## [Exercise prompt]
Would you reproduce exactly, and only, the lines starting at the one with "This painting pays" and ending at the last line of the data, with both included? Leave the pictures out.

## [Information provided]
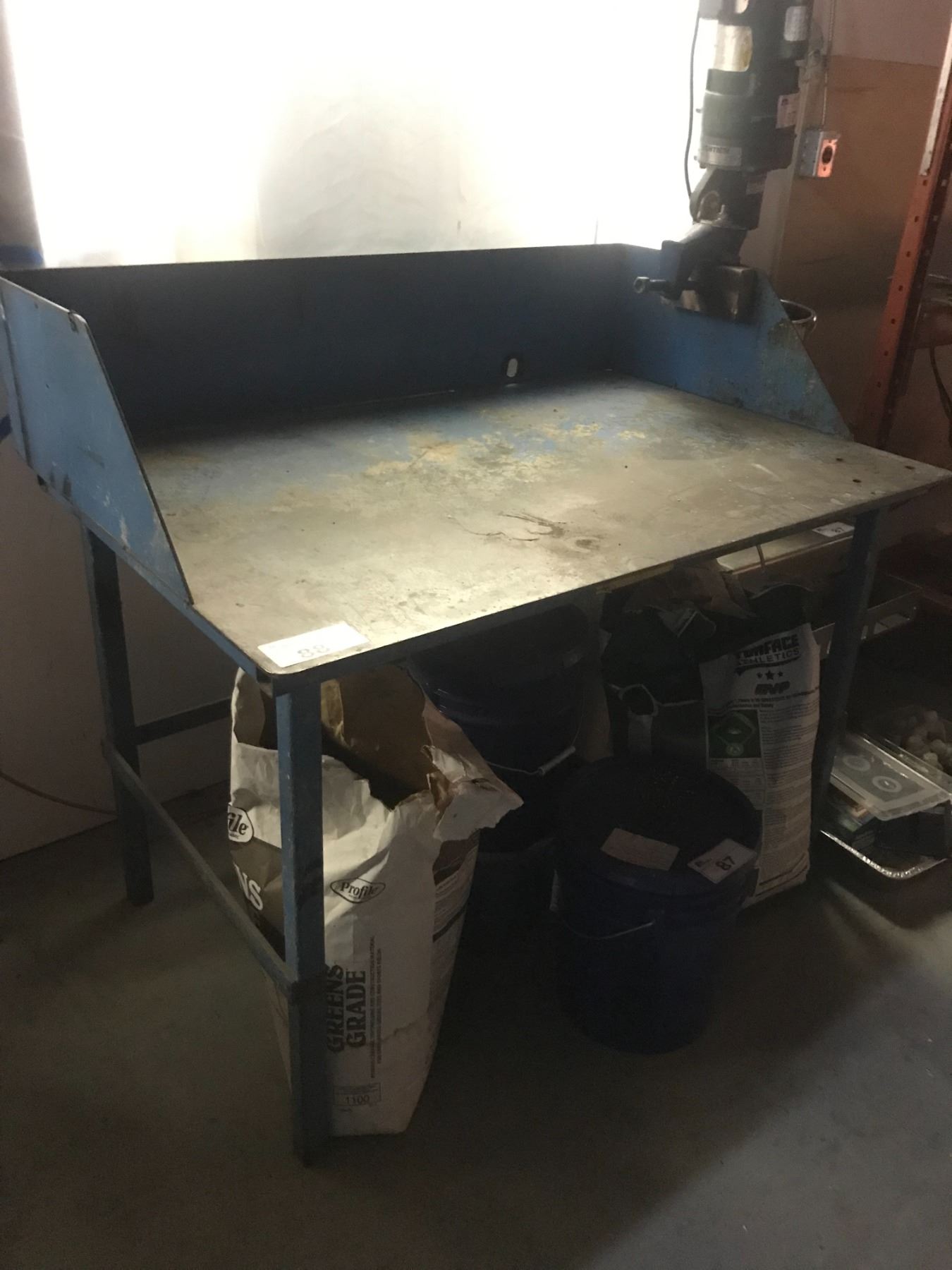 STEEL WORK TABLE - 1/4" THICK TOP APPROX. 4FT ACROSS X 2 1/2FT HIGH X 2 1/2FT WIDE
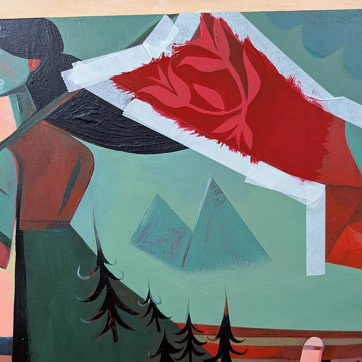 This painting pays homage to the real folk struggling to keep heads above water throughout Appalachia. The hero in this specific story is represented by a beloved mother of two, a teacher, and a social worker who takes care of the folks in her community as well as her own household.
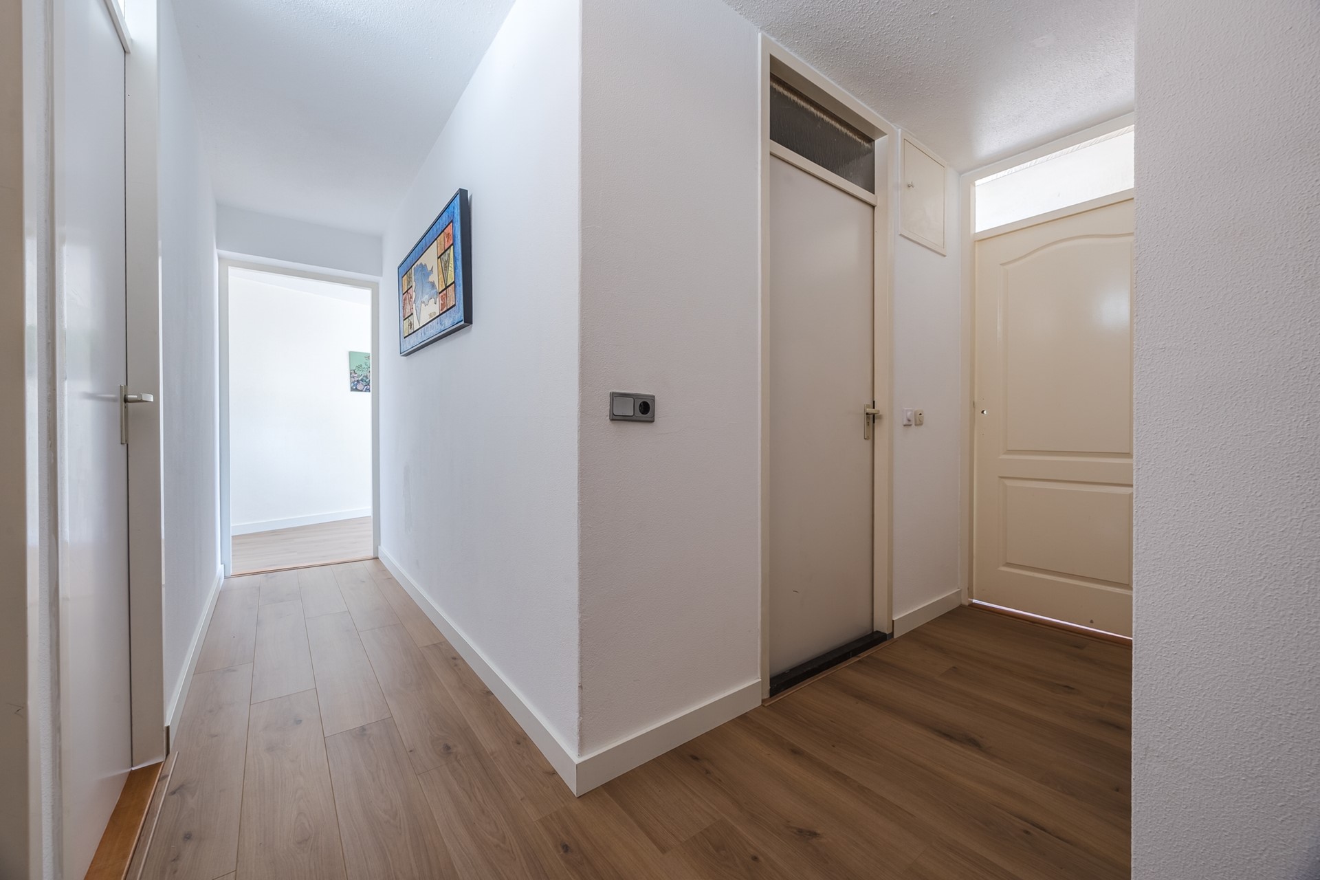 Verder heeft u nog het toilet en de meterkast. Het toilet is geheel betegeld en voorzien van een hangend closet en een fonteintje.

## [Task result]
 This painting pays homage to the real folk struggling to keep heads above water throughout Appalachia. The hero in this specific story is represented by a beloved mother of two, a teacher, and a social worker who takes care of the folks in her community as well as her own household.
 Verder heeft u nog het toilet en de meterkast. Het toilet is geheel betegeld en voorzien van een hangend closet en een fonteintje.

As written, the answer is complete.